# TV brought from online is eligible for warranty



## Zangetsu (Jul 6, 2015)

This question came to me when I was browsing through e-commerce sites (FK, Snapdeal etc)
and found that prices of TV there are very less as compared to offline stores and official brandstore.


*Do LG/Sony/Samsung etc entertain TVs bought from online websites in warranty and after sales service ?*

*Read here :* Bought LG or Videocon TV online?
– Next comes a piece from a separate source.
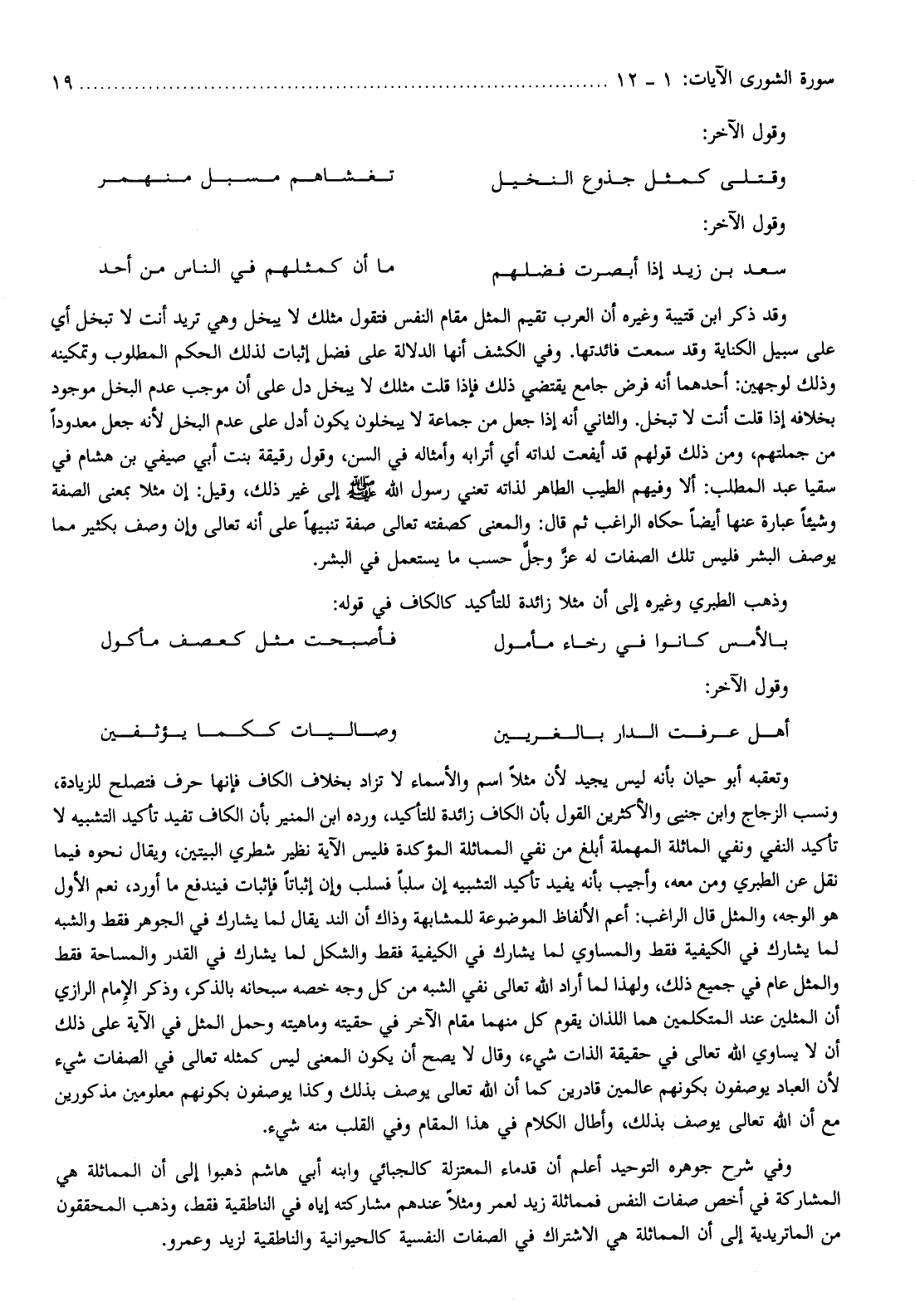 وتعقبه أبو حيان بأنه ليس يجيد لأن مثلا اسم والأسماء لا تزاد بخلاف الكاف فإنها حرف فتصلح للزيادة، ونسب الزجاج وابن جني والأكثرين القول بأن الكاف زائدة للتأكيد، ورده ابن المنير بأن الكاف تفيد تأكيد التشبيه لا تأكيد النفي ونفي الماثلة المهملة أبلغ من نفي المماثلة المؤكدة فليس الآية نظير شطري البيتين، ويقال نحوه فيما نقل عن الطبري ومن معه، وأجيب بأنه يفيد تأكيد التشبيه إن سلبا فسلب وإن إثباتا فإثبات فيندفع ما أورد، نعم الأول هو الوجه، والمثل قال الراغب: أعم الألفاظ الموضوعة للمشابهة وذاك أن الند يقال لما يشارك في الجوهر فقط والشبه لما يشارك في الكيفية فقط والمساوي لما يشارك في الكيفية فقط والشكل لما يشارك في القدر والمساحة فقط والمثل عام في جميع ذلك، ولهذا لما أراد الله تعالى نفي الشبه من كل وجه خصه سبحانه بالذكر، وذكر الإمام الرازي أن المثلين عند المتكلمين هما اللذان يقوم كل منهما مقام الآخر في حقيته وماهيته وحمل المثل في الآية على ذلك أن لا يساوي الله تعالى في حقيقة الذات شيء، وقال لا يصح أن يكون المعنى ليس كمثله تعالى في الصفات شيء لأن العباد يوصفون بكونهم عالمين قادرين كما أن الله تعالى يوصف بذلك وكذا يوصفون بكونهم معلومين مذكورين مع أن الله تعالى يوصف بذلك، وأطال الكلام في هذا المقام وفي القلب منه شيء.

You may not get free service - timesofindia-economictimes

some users also complained that LG charges extra for TV installation bought from online store other than there own store or offline.


----------



## powerhoney (Jul 6, 2015)

Not hijacking your thread but I have an additional question... When you buy TVs online, do they provide the wall-mount for free or do they charge additional money for that???


----------



## dissel (Jul 6, 2015)

^^^^Bought a Philips 40" FHD from FK last December(2014) and the very next day Philips SVC called and send their engineer for installation - When I refused to Wall Installation, they still come and to see if the TV is running or not and took the Serial Number with my Signature.

Though Wall Mount comes inside the Box along with TV remote + Battery and User Manual (another small box).

If company said otherwise there is no problem to getting Warranty from Online Purchase....

Before such order call the Toll Free Customer Care Number to ensure if the product is cover with Warranty or not ?


----------